Ich denke AMD wird nicht viel am Design der HD5870 verändern, 
denn in Punkto Leistungsaufnahme hat die HD5870 ja noch Luft nach oben, um daraus eine HD5890 zumachen.
Das ist ja auch ein offenes Geheimnis.

Eine stärkere Stromversorgung 1*6Pin+1*8Pin, ein besserer Kühler, eine leicht verbesserte Chip Revision die etwas "breiter" ausgelegt ist, um die Abwärme schneller abzuführen.
Ich könnte mir vorstellen das damit sogar mehr als 1Ghz erreicht werden kann.
Den 2D Stromsparmodus dürfte das ja nicht jucken, nur im 3D wird die Karte mehr ziehen, aber von nix kommt nix.


----------



## D!str(+)yer (18. Februar 2010)

*AW: AMD "Trillian" versus Nvidia "Fermi" ?*



Gunny Hartman schrieb:


> Die Trillian ist nichts anderes als eine aufgebohrte Cypress-GPU. Im Gespräch sind ca. 1000 Mhz GPU-Takt. Ist also nichts weiter als ein Refresh. Eine neue "Generation" wenn man so will, kommt erst 2011 mit Northern Islands.




Sowas hatte ich auch gedacht. Vermutlich dann als 5890 vermarktet!?

Auf jeden Fall fände ich es mal extrem geil wenn AMD/ATi NVidia mal so richtig in den Allerwertesten treten kann


----------



## Namaker (18. Februar 2010)

*AW: AMD "Trillian" versus Nvidia "Fermi" ?*



Hugo78 schrieb:


> eine leicht verbesserte Chip Revision die etwas "breiter" ausgelegt ist, um die Abwärme schneller abzuführen.

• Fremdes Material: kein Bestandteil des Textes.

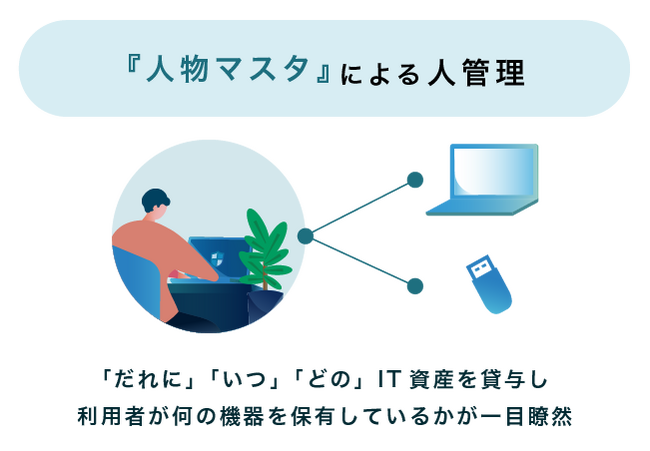 IT資産を人に紐づけて管理するため「人物マスタ」を搭載。誰に、いつ、どのIT資産を貸与し、利用者は何の機器を保有しているかが一目瞭然です。組織変更や人事異動、入退社で変化する人事情報と、IT資産に関わるさまざまな情報(在庫管理・棚卸、リース状況、保守期限、契約管理、資産の修理や廃棄など)の現状を可視化する仕組みで運用性を向上しています。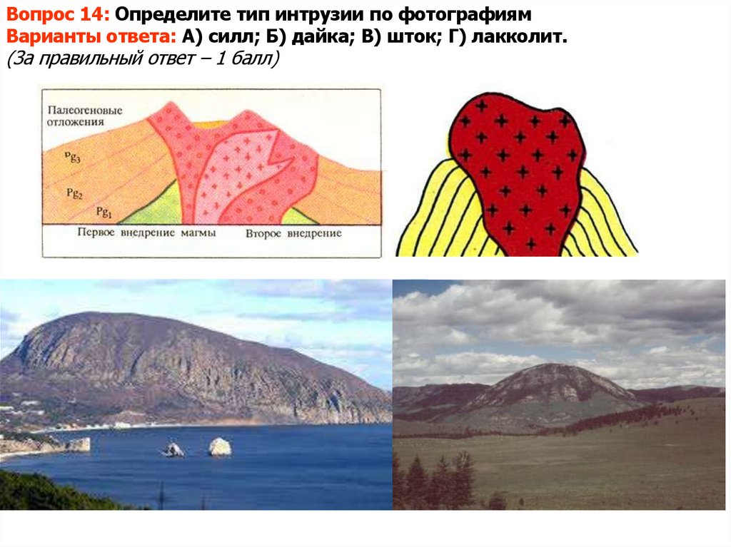Вопрос 14: Определите тип интрузии по фотографиямВарианты ответа: А) силл; Б) дайка; В) шток; Г) лакколит.

Das wird AMD nicht machen, denn dafür müsste der Chip komplett neu designed werden.


----------



## Hugo78 (18. Februar 2010)

*AW: AMD "Trillian" versus Nvidia "Fermi" ?*



Namaker schrieb:


> Das wird AMD nicht machen, denn dafür müsste der Chip komplett neu designed werden.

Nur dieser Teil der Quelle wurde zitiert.